▶ [ACTIVITY] Leaving the pictures out, transcribe the records below exactly.

==== DATA SHOWN

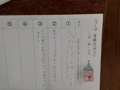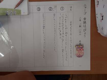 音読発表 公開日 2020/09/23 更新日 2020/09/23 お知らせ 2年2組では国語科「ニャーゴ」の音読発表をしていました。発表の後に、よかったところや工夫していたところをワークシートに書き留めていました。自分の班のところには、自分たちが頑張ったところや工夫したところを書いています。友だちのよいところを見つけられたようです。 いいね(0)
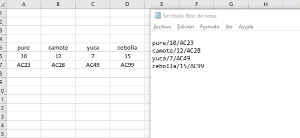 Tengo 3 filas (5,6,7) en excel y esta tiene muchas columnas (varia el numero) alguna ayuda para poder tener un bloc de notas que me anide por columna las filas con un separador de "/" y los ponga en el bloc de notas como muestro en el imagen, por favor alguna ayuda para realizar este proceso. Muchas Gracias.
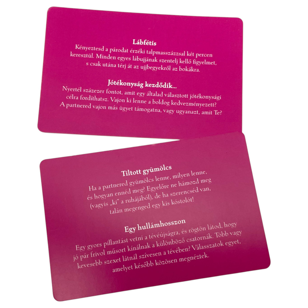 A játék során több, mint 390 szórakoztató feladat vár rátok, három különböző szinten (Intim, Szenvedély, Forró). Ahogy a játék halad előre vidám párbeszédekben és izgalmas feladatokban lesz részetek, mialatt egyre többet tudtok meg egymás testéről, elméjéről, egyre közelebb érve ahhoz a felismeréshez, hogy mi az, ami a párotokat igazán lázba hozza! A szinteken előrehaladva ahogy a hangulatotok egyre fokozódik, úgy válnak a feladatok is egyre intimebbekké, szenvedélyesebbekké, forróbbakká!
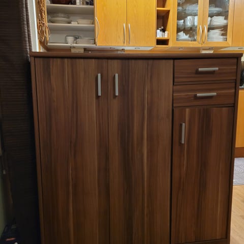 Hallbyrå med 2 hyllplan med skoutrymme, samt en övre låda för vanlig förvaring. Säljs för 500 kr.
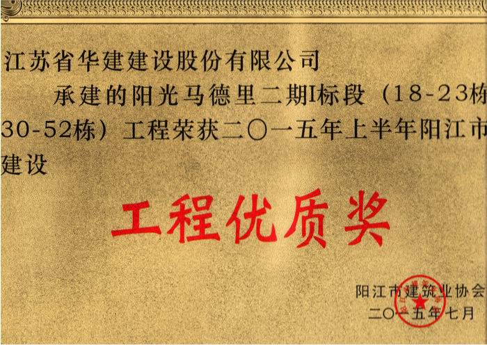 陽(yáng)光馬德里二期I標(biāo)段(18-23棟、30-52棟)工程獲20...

========

▶ [WRITTEN RESPONSE]
 音読発表 公開日 2020/09/23 更新日 2020/09/23 お知らせ 2年2組では国語科「ニャーゴ」の音読発表をしていました。発表の後に、よかったところや工夫していたところをワークシートに書き留めていました。自分の班のところには、自分たちが頑張ったところや工夫したところを書いています。友だちのよいところを見つけられたようです。 いいね(0)
 Tengo 3 filas (5,6,7) en excel y esta tiene muchas columnas (varia el numero) alguna ayuda para poder tener un bloc de notas que me anide por columna las filas con un separador de "/" y los ponga en el bloc de notas como muestro en el imagen, por favor alguna ayuda para realizar este proceso. Muchas Gracias.
 A játék során több, mint 390 szórakoztató feladat vár rátok, három különböző szinten (Intim, Szenvedély, Forró). Ahogy a játék halad előre vidám párbeszédekben és izgalmas feladatokban lesz részetek, mialatt egyre többet tudtok meg egymás testéről, elméjéről, egyre közelebb érve ahhoz a felismeréshez, hogy mi az, ami a párotokat igazán lázba hozza! A szinteken előrehaladva ahogy a hangulatotok egyre fokozódik, úgy válnak a feladatok is egyre intimebbekké, szenvedélyesebbekké, forróbbakká!
 Hallbyrå med 2 hyllplan med skoutrymme, samt en övre låda för vanlig förvaring. Säljs för 500 kr.
 陽(yáng)光馬德里二期I標(biāo)段(18-23棟、30-52棟)工程獲20...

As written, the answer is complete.